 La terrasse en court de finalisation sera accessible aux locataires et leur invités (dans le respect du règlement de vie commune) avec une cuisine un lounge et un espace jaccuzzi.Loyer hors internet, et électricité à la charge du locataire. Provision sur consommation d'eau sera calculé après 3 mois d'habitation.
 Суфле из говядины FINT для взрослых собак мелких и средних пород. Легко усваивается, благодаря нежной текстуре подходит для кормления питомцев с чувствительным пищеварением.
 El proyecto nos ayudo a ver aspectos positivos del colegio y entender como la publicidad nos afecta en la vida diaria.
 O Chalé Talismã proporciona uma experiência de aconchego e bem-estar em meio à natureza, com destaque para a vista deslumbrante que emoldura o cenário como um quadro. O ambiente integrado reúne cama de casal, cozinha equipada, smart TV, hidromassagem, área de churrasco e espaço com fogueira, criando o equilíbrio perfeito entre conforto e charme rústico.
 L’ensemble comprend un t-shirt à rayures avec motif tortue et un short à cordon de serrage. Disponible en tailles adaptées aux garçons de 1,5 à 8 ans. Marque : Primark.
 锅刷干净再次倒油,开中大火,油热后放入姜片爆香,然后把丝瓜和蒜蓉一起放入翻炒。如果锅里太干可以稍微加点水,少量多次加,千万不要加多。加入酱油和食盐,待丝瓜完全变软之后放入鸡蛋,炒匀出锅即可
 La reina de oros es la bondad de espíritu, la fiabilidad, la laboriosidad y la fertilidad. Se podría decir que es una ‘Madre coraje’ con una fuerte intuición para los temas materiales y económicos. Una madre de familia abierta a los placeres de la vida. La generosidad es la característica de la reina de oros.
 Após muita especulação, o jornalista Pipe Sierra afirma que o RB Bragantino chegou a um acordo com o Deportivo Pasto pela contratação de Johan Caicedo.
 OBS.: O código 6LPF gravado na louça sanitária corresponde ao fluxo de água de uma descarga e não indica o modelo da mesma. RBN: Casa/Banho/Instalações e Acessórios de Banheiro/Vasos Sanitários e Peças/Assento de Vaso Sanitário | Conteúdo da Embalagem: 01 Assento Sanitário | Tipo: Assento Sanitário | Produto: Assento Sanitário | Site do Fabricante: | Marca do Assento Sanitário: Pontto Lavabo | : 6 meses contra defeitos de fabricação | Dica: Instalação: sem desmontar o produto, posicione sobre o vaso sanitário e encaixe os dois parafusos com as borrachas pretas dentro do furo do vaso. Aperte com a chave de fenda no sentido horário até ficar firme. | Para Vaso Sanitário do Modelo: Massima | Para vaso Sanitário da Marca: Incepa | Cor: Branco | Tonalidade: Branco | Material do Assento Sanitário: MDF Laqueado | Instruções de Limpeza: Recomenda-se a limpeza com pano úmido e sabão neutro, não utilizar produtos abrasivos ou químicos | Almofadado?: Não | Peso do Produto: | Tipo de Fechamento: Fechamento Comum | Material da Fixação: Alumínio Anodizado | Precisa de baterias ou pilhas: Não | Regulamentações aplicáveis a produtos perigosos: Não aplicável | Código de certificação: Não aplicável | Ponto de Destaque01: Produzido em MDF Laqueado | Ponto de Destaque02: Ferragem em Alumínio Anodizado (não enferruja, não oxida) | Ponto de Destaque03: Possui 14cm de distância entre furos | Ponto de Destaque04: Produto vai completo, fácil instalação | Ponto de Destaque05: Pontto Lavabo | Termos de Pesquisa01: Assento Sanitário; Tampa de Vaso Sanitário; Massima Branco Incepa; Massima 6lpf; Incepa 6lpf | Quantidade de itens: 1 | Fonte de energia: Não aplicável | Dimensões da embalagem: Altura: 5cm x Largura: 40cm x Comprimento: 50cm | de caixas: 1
───
_TASK STATEMENT_. Every line that contains the string "avec" should be copied from the records.

_RESULT_.
 La terrasse en court de finalisation sera accessible aux locataires et leur invités (dans le respect du règlement de vie commune) avec une cuisine un lounge et un espace jaccuzzi.Loyer hors internet, et électricité à la charge du locataire. Provision sur consommation d'eau sera calculé après 3 mois d'habitation.
 L’ensemble comprend un t-shirt à rayures avec motif tortue et un short à cordon de serrage. Disponible en tailles adaptées aux garçons de 1,5 à 8 ans. Marque : Primark.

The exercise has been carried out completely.